How to Do Decision Tree Analysis

The other major risk analysis methodology applicable to IT project portfolio management is decision tree analysis. Where Monte Carlo excels at shaping what happens when many risks are in play at once (such as launching an ERP project), a decision tree proves most useful at mapping either-or situations and the sequential risks that follow each decision (for example, either I build a new factory or retrofit an old one). Each choice is a branch with an attached probability, derived the same way all risks are derived--through brainstorming and research. Each branch leads to other branches, which are the risks that result from choosing the original branch.

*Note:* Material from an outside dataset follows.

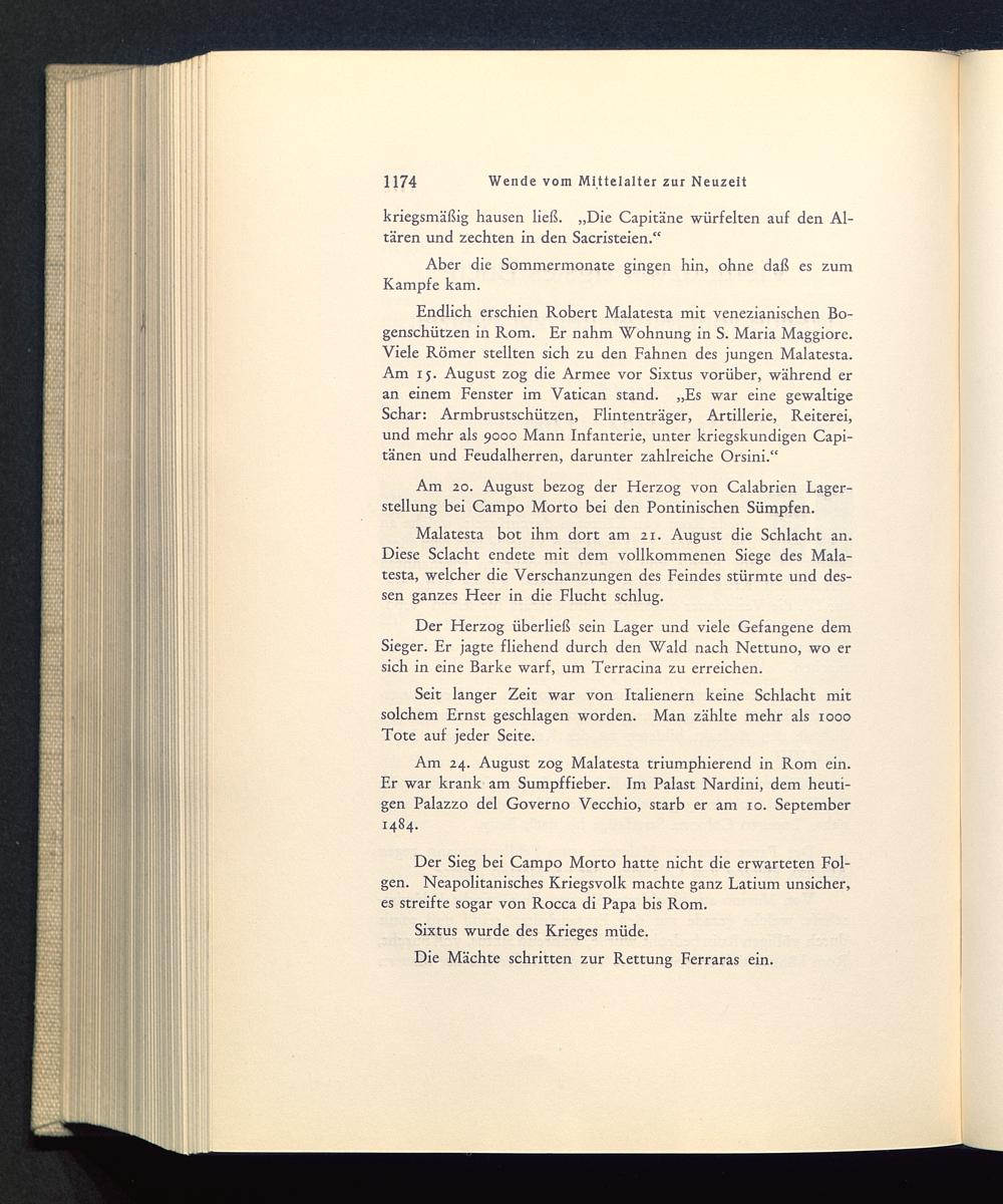Endlich erschien Robert Malatesta mit venezianischen Bo-genschützen in Rom . Er nahm Wohnung in S. Maria Maggiore.Viele Römer stellten sich zu den Fahnen des jungen Malatesta.Am 15. August zog die Armee vor Sixtus vorüber, während eran einem Fenster im Vatican stand. „Es war eine gewaltigeSchar: Armbrustschützen, Flintenträger, Artillerie, Reiterei,und mehr als 9000 Mann Infanterie, unter kriegskundigen Capi-tänen und Feudalherren, darunter zahlreiche Orsini.“

The key to analyzing decision trees is knowing that the probabilities compound. This is why Waste Management's Rogers likes them. Decision trees often show that good risk decisions are counterintuitive, if you follow the branches. "I'll give some outlandish choice, like rewiring your office or building a new one," Rogers says. "Everyone thinks they know which is less risky, but you watch the risks compound over time and guess what, it's not nearly as risky as you think to build a new office in certain situations."

Decision trees are also powerful presentation tools for executives, as long as you don't drop an entire tree on the CEO. They can be unwieldy. They branch out quickly with thousands of potential paths. ACIO must keep them under control. To demonstrate the path of certain decisions, limit the branches to only the most important risks, and simply leave out remote risks.

Final Analysis

Risk analysis takes some getting used to. Anyone not steeped in this world may misinterpret the results of any given analysis. For example, if you say there's a 90 percent chance it will rain tomorrow, and the day ends up being sunny, your analysis still may have been perfect. There was, after all, a one in 10 chance the sun would shine, and indeed it did.

The hardest part of risk, especially for CIOs, is that it doesn't provide concrete answers. Risk analysis will not tell you which project to do. It will tell you which ones fall into a certain level of risk and payoff. Provide the same IT portfolio and the same risk analysis to Rogers of Waste Management and Lynn Caddell, CIO of Yellow Freight, and they will most likely choose a different set of projects to pursue.